Figure 2 Chemical reaction cycle. (a) Alternating electrodes of the array were connected as cathodes and anodes and placed adjacent to a glass chip with the apparatus in Figure 1. (b) The electrolyte held between the surface of the chip and the electrode array comprises a solution of hydroquinone (HQ) and benzoquinone (Q) in acetonitrile. Oxidation at the anode produces acid (in the shaded region) and regenerates the benzoquinone consumed by cathodic reduction. Acid (H+) migrates away from the anode. Acid that migrates sideways reacts with cathodic products. (c) Acid that migrates downwards will meet the surface of the chip where it induces deblocking , thus selectively determining where the next nucleotide (N-) additions will occur (d). The amount of reactant produced and therefore the extent of modification of the surface depends on the strength and duration of the current.
We used fluorescent dyes as reporter groups. In an extensive set of experiments, fluorescent Cy5 groups were attached to any regions where the electrochemical reactions exposed free hydroxyl residues using otherwise conventional DNA synthesis chemistry. These preliminary experiments (data not shown) allowed us to find a range of conditions, which gave high deblocking yields in well-defined regions. They also established the basic shapes and dimensions of the patterns of deblocking on the adjacent surface, and showed the effects of varying the voltage, the duration of the pulse, the spacing between electrodes and the distance separating the microelectrode array and the surface of the substrate. One unexpected result of this series of experiments was the high edge definition of the pattern generated by the action of the protons on the substrate surface. We have shown that this effect is due to annihilation of protons by the electrode products of the cathodes that flank the anodes (31). Another desirable outcome of this effect is that diffusion of reactive protons to adjacent regions is suppressed to an insignificant level.

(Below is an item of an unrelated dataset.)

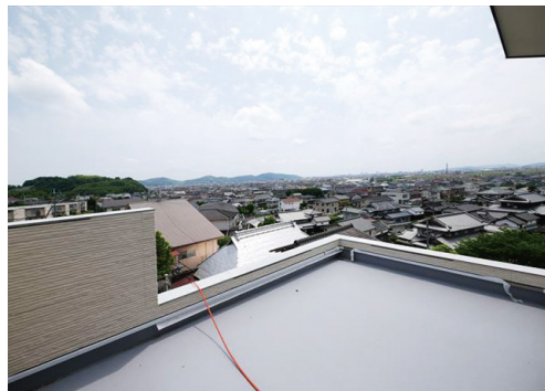
展望バルコニーからの景色は最高！立地を活かした設計です

The total yield of oligonucleotide on the surface is likely to be of the order of 1–10 pmol per mm2—too small to measure via direct methods or via HPLC analysis after cleavage from the surface (32). To overcome this measurement difficulty, we estimated the synthesis yield of oligonucleotides, and hence the extent of the electrochemical reactions, from the level of hybridization to a complementary fluorescent probe. For semi-quantitative analysis, we took three sets of measurements for each experiment at different PMT voltages so as to view all intensity values of the sample in a linear response region of the PMT. Given likely fluorescence self-quenching, we further verified an approximately linear fluorescent intensity response in the small range of probe densities used in these experiments (calibration curve data not shown). This approach was sufficient to optimize stepwise coupling yield, as it was easy to determine the set of conditions that produced the highest yield. An indirect approach to estimating the rates of deblocking and depurination is described below.
Synthesis of oligonucleotides using electrochemical deblocking
The yield and quality of oligonucleotides are of great importance for any in situ method of making oligonucleotide arrays. In the method presented here, only the deblocking step differs from conventional phosphoramidite oligonucleotide synthesis chemistry. Coupling yields are close to quantitative for synthesis on columns of controlled pore glass, with moderate excess of reagent over the large number of active sites on the solid support (33). For the planar glass substrate used in this work, the excess is orders of magnitude larger. We therefore assume coupling efficiency is approximately quantitative (as in conventional phosphoramidite synthesis) and consider how the overall yield of oligonucleotide is affected by incomplete deblocking and losses due to depurination. In a series of experiments, a six base sequence, 3'-CGCATC-5', was synthesized on top of a lawn of dA10, introduced to maximize detection of any electrochemically induced depurination . In one set of early range-finding experiments using electrochemical synthesis for two of the six residues, time was varied over a wide range (Figure 4), and in another experimentation set, the voltage was varied (data not shown). The synthesis of the hexanucleotide was observed by hybridizing to a Cy5-labeled target containing the complement of the above sequence (detailed in Materials and Methods where the full hexamer was synthesized electrochemically as shown in Figure 3b). This target hybridizes only to the full six base sequence of the probe; absence of any one of the six bases abolishes hybridization (31).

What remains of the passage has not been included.